Directions
Leaving out every image, restate all the records word for word.

-----

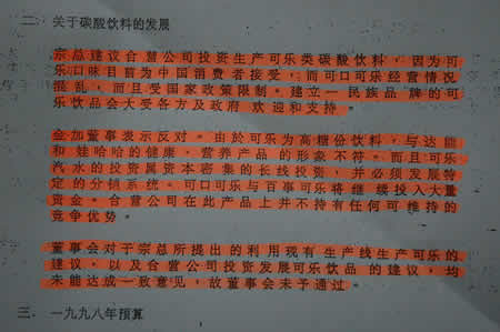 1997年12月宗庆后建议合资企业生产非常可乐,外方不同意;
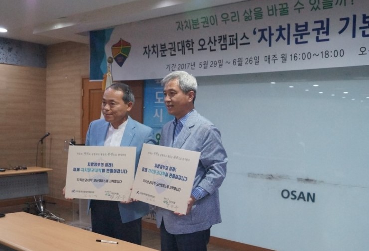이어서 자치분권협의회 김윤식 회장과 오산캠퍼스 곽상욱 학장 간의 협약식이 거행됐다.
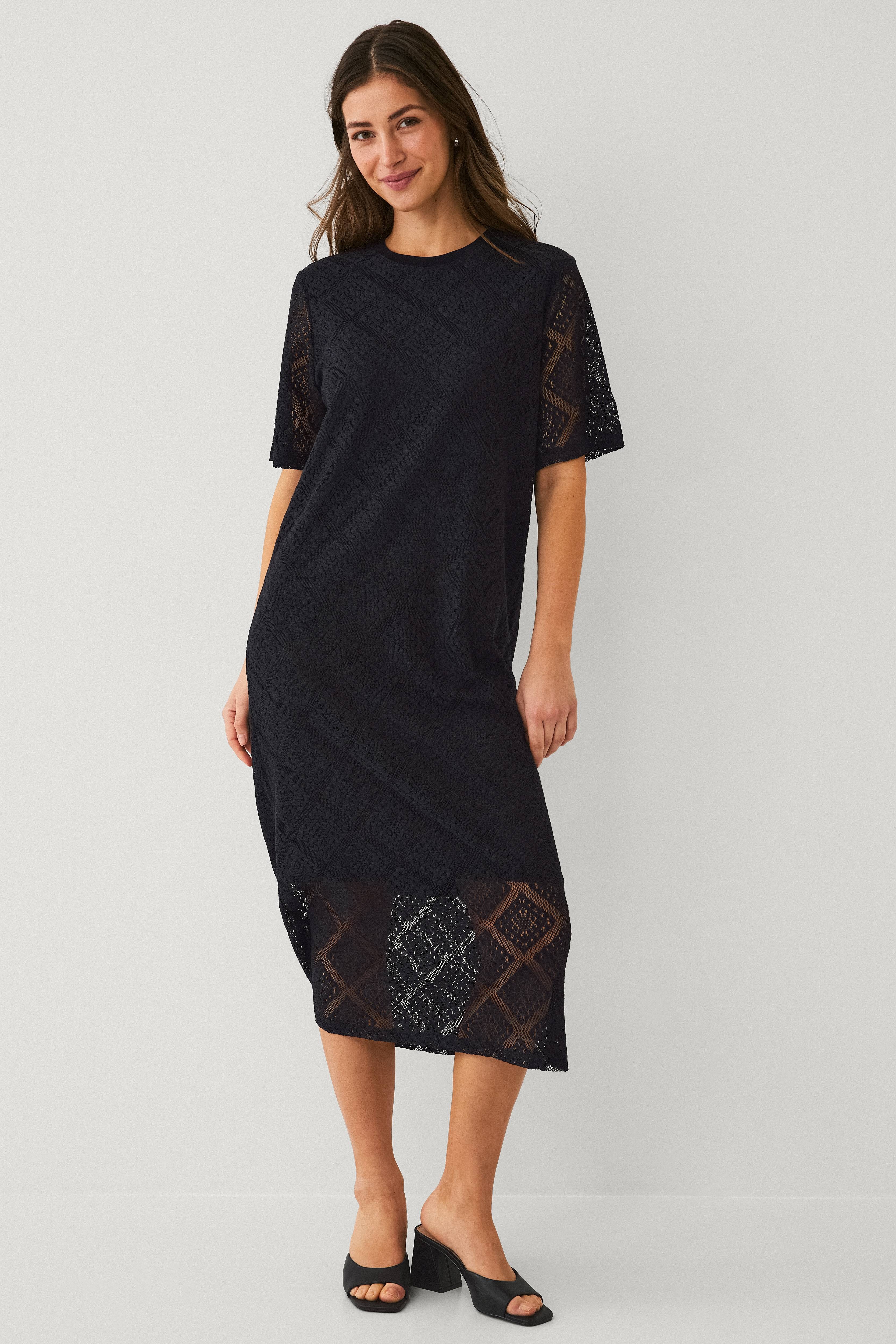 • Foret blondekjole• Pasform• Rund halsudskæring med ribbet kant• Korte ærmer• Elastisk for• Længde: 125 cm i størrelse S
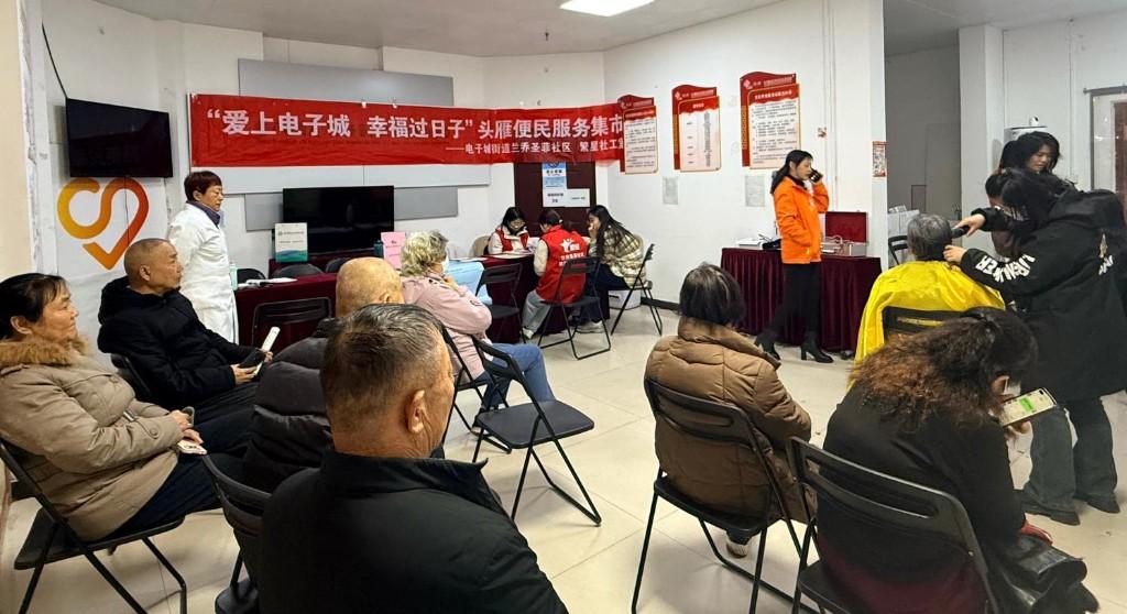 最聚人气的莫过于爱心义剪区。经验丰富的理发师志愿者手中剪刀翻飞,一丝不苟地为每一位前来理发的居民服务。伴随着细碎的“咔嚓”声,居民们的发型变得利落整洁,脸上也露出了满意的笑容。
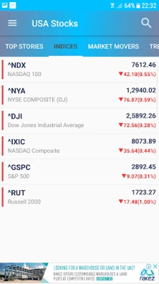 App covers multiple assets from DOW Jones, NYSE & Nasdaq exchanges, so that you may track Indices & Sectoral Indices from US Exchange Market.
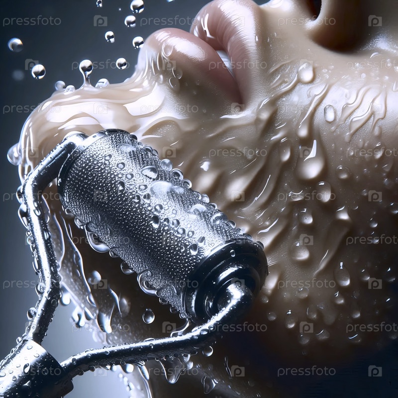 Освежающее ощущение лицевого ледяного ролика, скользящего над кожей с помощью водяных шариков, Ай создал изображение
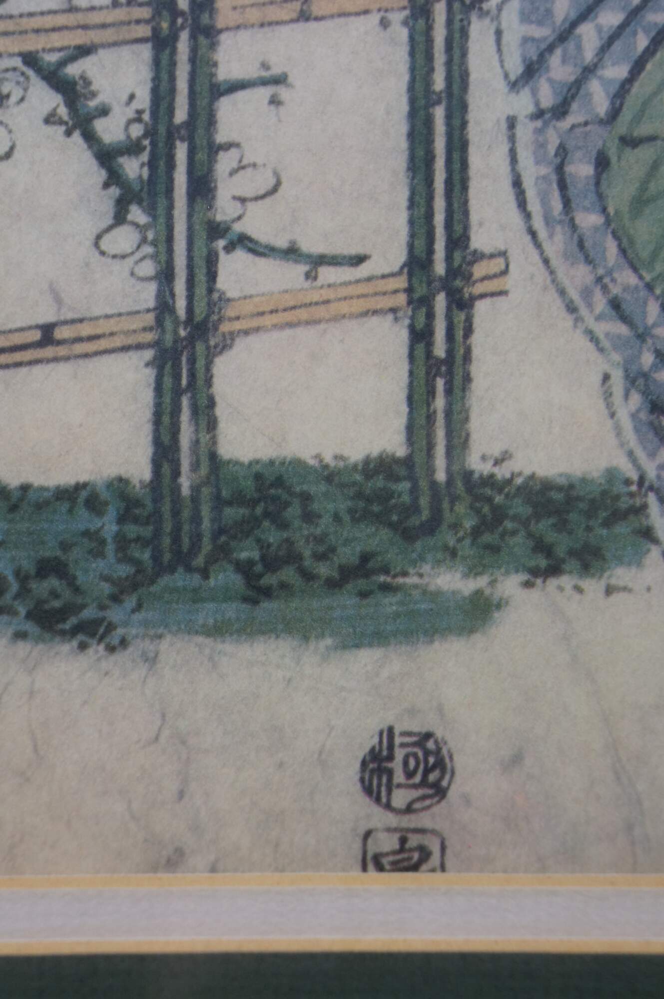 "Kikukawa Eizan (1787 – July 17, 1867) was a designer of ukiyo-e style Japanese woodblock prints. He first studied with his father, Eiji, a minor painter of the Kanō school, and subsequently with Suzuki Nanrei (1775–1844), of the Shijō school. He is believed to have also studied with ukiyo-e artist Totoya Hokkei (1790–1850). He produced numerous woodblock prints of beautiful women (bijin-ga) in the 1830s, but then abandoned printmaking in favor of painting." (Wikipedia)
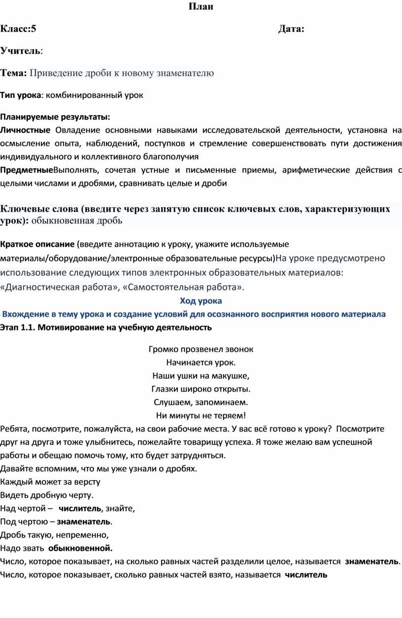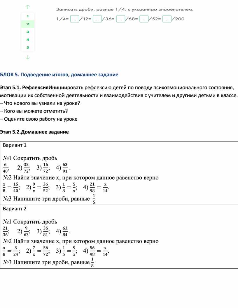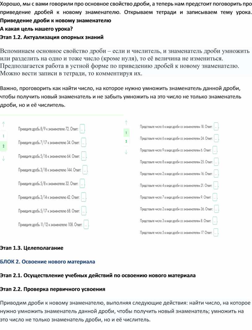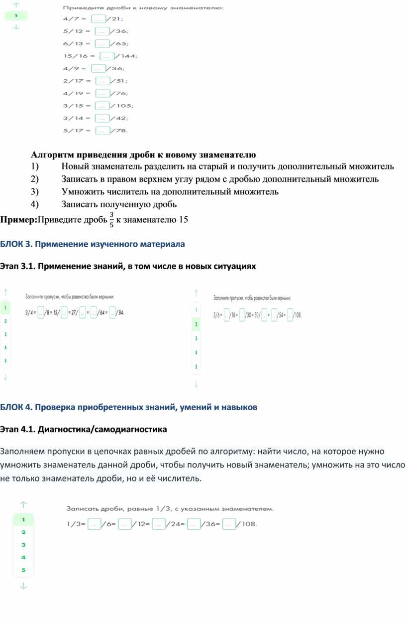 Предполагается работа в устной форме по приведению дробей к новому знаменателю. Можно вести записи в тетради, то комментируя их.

-----

Written solution
 1997年12月宗庆后建议合资企业生产非常可乐,外方不同意;
이어서 자치분권협의회 김윤식 회장과 오산캠퍼스 곽상욱 학장 간의 협약식이 거행됐다.
 • Foret blondekjole• Pasform• Rund halsudskæring med ribbet kant• Korte ærmer• Elastisk for• Længde: 125 cm i størrelse S
 最聚人气的莫过于爱心义剪区。经验丰富的理发师志愿者手中剪刀翻飞,一丝不苟地为每一位前来理发的居民服务。伴随着细碎的“咔嚓”声,居民们的发型变得利落整洁,脸上也露出了满意的笑容。
 App covers multiple assets from DOW Jones, NYSE & Nasdaq exchanges, so that you may track Indices & Sectoral Indices from US Exchange Market.
 Освежающее ощущение лицевого ледяного ролика, скользящего над кожей с помощью водяных шариков, Ай создал изображение
 "Kikukawa Eizan (1787 – July 17, 1867) was a designer of ukiyo-e style Japanese woodblock prints. He first studied with his father, Eiji, a minor painter of the Kanō school, and subsequently with Suzuki Nanrei (1775–1844), of the Shijō school. He is believed to have also studied with ukiyo-e artist Totoya Hokkei (1790–1850). He produced numerous woodblock prints of beautiful women (bijin-ga) in the 1830s, but then abandoned printmaking in favor of painting." (Wikipedia)
 Предполагается работа в устной форме по приведению дробей к новому знаменателю. Можно вести записи в тетради, то комментируя их.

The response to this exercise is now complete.